Data:
_ _ _ _ _ _ _

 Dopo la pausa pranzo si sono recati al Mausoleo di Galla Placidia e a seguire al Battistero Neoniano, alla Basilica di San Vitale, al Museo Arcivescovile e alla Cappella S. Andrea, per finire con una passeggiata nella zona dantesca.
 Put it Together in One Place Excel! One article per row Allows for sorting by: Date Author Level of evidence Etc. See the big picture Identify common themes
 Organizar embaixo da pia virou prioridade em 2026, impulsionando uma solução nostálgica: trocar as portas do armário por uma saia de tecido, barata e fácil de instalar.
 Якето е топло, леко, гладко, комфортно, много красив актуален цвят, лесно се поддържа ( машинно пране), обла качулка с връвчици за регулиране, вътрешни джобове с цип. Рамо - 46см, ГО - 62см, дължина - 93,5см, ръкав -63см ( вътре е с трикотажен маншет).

_ _ _ _ _ _ _

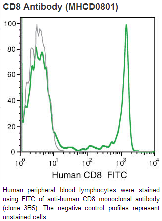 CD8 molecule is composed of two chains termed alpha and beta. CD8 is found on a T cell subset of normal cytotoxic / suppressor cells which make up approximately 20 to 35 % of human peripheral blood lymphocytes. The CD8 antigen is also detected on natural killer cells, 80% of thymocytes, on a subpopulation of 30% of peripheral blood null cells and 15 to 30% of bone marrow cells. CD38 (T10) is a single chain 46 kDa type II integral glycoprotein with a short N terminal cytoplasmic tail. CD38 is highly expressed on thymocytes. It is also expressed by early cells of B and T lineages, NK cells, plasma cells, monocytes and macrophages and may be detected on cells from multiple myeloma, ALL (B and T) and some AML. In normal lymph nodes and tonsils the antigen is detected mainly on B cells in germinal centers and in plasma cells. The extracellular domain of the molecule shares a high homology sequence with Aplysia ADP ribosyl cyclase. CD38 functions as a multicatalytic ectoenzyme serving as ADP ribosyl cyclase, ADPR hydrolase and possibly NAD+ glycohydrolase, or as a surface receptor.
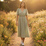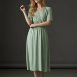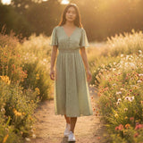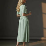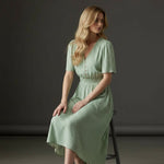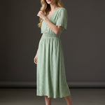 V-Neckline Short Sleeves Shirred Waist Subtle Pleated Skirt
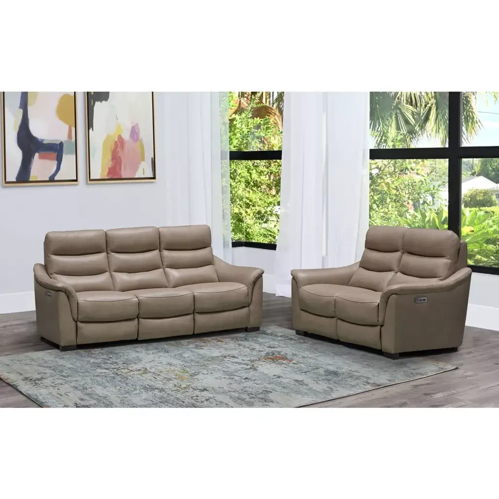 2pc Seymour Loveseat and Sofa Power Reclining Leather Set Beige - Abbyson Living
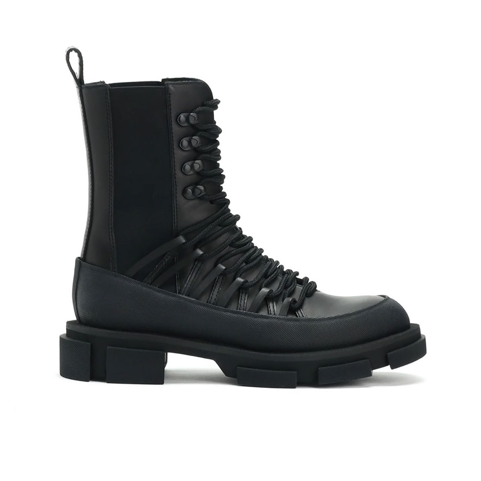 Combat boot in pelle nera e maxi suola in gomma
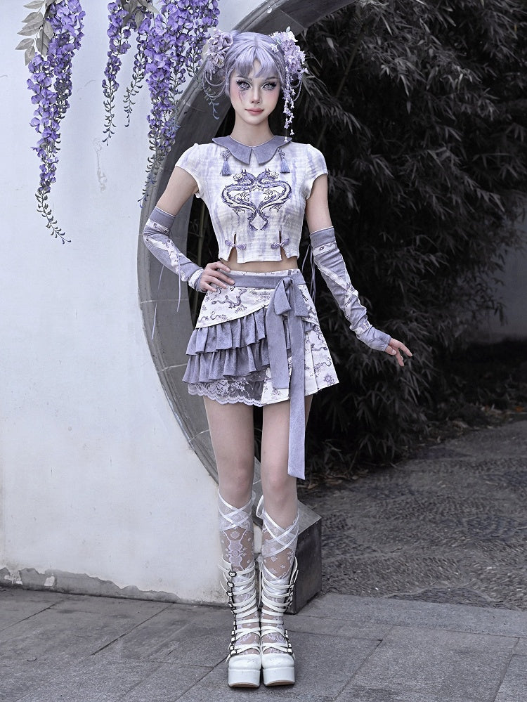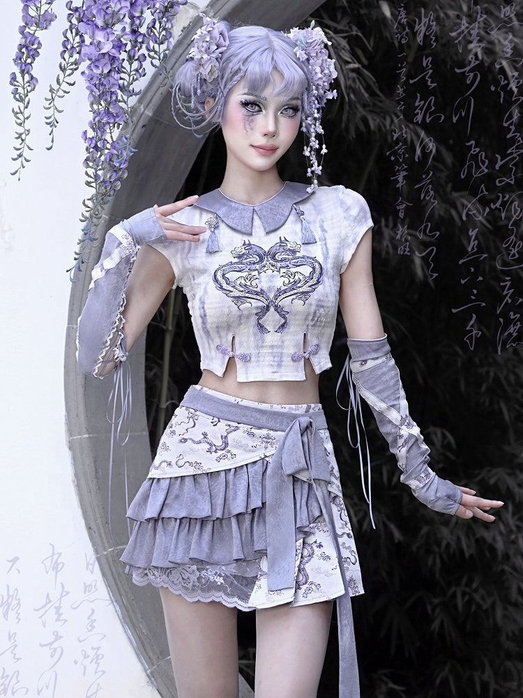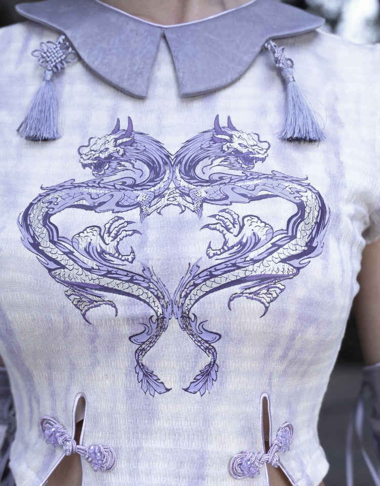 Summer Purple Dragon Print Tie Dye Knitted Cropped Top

_ _ _ _ _ _ _

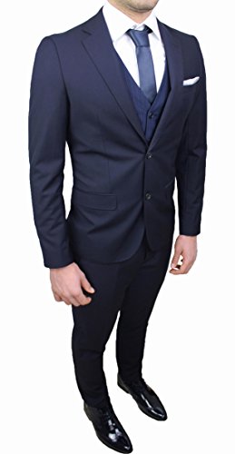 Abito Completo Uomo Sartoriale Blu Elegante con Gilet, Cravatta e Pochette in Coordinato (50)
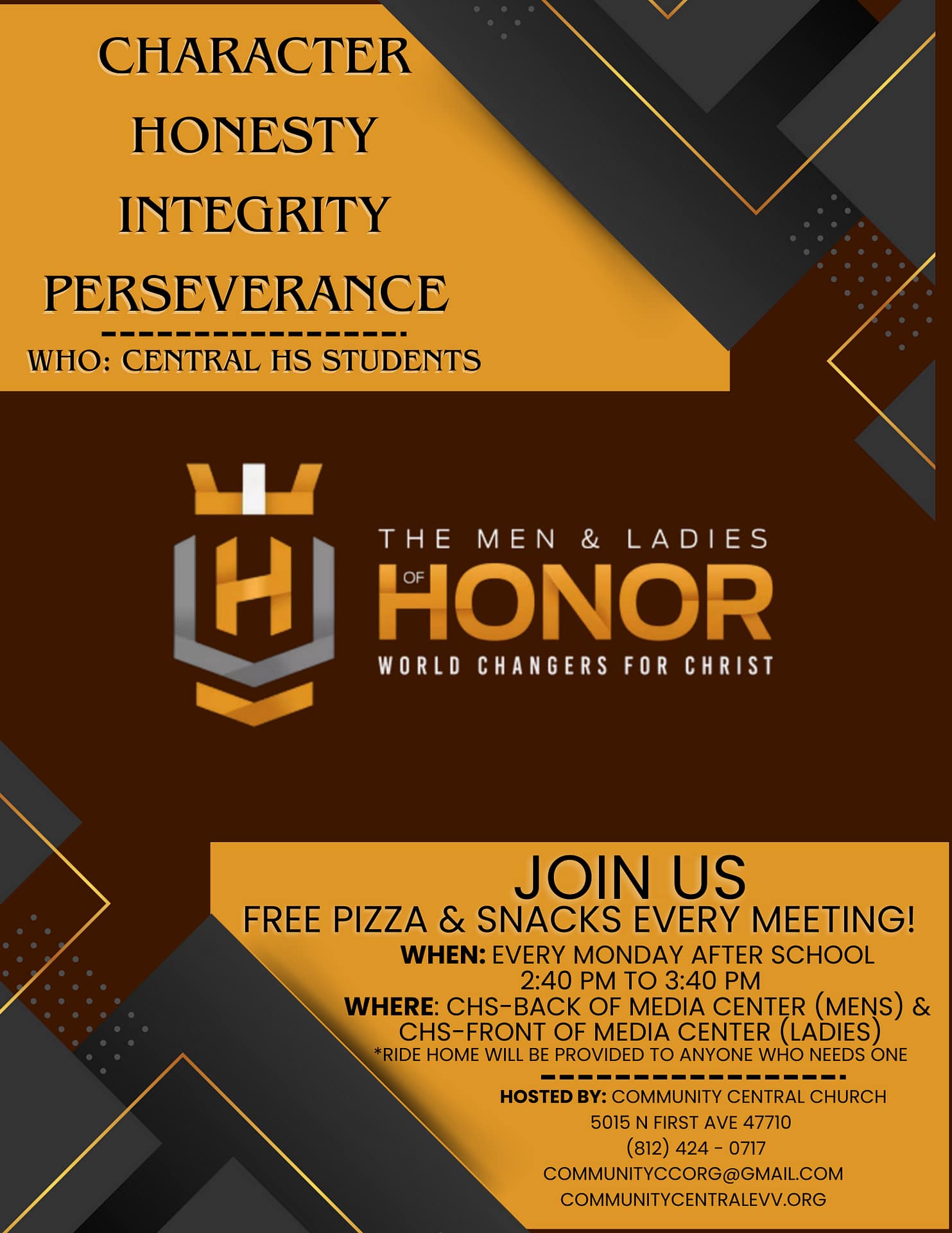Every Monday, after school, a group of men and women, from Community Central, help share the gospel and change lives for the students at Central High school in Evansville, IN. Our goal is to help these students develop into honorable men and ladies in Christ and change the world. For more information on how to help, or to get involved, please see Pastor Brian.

_ _ _ _ _ _ _

What is needed: Where the listing above has a line with "Dopo la pausa", start there, and output every line exactly through the line with "Organizar embaixo da", which is also included.

Written solution:
 Dopo la pausa pranzo si sono recati al Mausoleo di Galla Placidia e a seguire al Battistero Neoniano, alla Basilica di San Vitale, al Museo Arcivescovile e alla Cappella S. Andrea, per finire con una passeggiata nella zona dantesca.
 Put it Together in One Place Excel! One article per row Allows for sorting by: Date Author Level of evidence Etc. See the big picture Identify common themes
 Organizar embaixo da pia virou prioridade em 2026, impulsionando uma solução nostálgica: trocar as portas do armário por uma saia de tecido, barata e fácil de instalar.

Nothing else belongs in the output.